- **Your objective**
Exact copy, no pictures: repeat the data that follows.

- **Information provided**

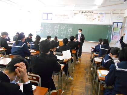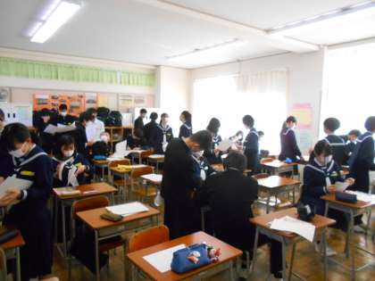 2年・授業風景 公開日 2023/02/27 更新日 2023/02/27 2学年 2月27日(月) 4限 数学では、定期考査の答案が返却されました。 「今回のテスト頑張ったよ!」と声が聞こえます。 (写真 上:2年2組) 技術は、コンピューター室での授業です。 真剣に先生の話を聞いています。 (写真 中:2年3組) 英語では、定期考査の答案が返却されました。 「ここはどう書いた?」友達同士、話し合っています。 (写真 下:2年4組)
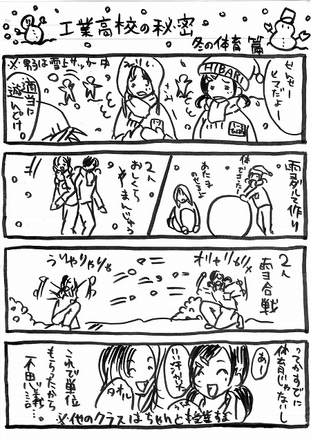 久々に工業高校の秘密を・・・結構溜まってるんで、他のもそのうち載せますね。男子38人に女子2人なんで、体育って暇なんですよ^^;体育館にいるときだと、先生と3人でバドミントンしたり縄跳びしたりまぁしたいことして遊ぶんですけど(ぇ男子は雪上サッカーしてるけどまさか混ざれないしさぁってことで、外となるとこんな感じです(苦笑かまくら作った事もありますよ~雪だるまはもうあちこちに作ってました(笑遊んでるのに単位はもらえたし何より不思議なのが5段階評価で4もらっていた事です。一体何が基準なんだ?先生いわく”お前らほど男女共に、熱い体育するクラスは見たことが無い”だそうです。人間関係崩れそうなくらい激しい体育ですよ^^;(喧嘩のごとし・・・でも仲良し(笑もうすぐ皆卒業なんですね~早いなぁほとんど進路は決まったみたいです。免許取りがんばれよ~~どーれこれからモツ煮作ってきます。圧力鍋で作れば早いんだろうケド、使い方わからん(オイのでコトコト煮てきます~~^^
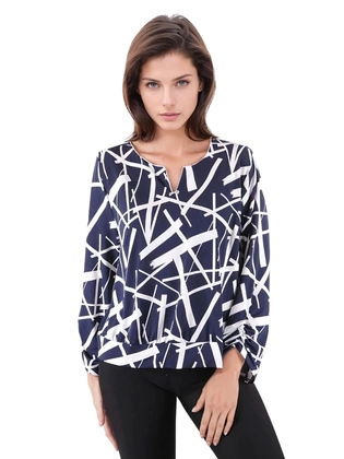Liczba produktów: 3153Bluzka damska, elegancka granatowa bluzka w modny wzór z ozdobnym dekoltem, duże rozmiary 39113

- **Output below**
 2年・授業風景 公開日 2023/02/27 更新日 2023/02/27 2学年 2月27日(月) 4限 数学では、定期考査の答案が返却されました。 「今回のテスト頑張ったよ!」と声が聞こえます。 (写真 上:2年2組) 技術は、コンピューター室での授業です。 真剣に先生の話を聞いています。 (写真 中:2年3組) 英語では、定期考査の答案が返却されました。 「ここはどう書いた?」友達同士、話し合っています。 (写真 下:2年4組)
 久々に工業高校の秘密を・・・結構溜まってるんで、他のもそのうち載せますね。男子38人に女子2人なんで、体育って暇なんですよ^^;体育館にいるときだと、先生と3人でバドミントンしたり縄跳びしたりまぁしたいことして遊ぶんですけど(ぇ男子は雪上サッカーしてるけどまさか混ざれないしさぁってことで、外となるとこんな感じです(苦笑かまくら作った事もありますよ~雪だるまはもうあちこちに作ってました(笑遊んでるのに単位はもらえたし何より不思議なのが5段階評価で4もらっていた事です。一体何が基準なんだ?先生いわく”お前らほど男女共に、熱い体育するクラスは見たことが無い”だそうです。人間関係崩れそうなくらい激しい体育ですよ^^;(喧嘩のごとし・・・でも仲良し(笑もうすぐ皆卒業なんですね~早いなぁほとんど進路は決まったみたいです。免許取りがんばれよ~~どーれこれからモツ煮作ってきます。圧力鍋で作れば早いんだろうケド、使い方わからん(オイのでコトコト煮てきます~~^^
Liczba produktów: 3153Bluzka damska, elegancka granatowa bluzka w modny wzór z ozdobnym dekoltem, duże rozmiary 39113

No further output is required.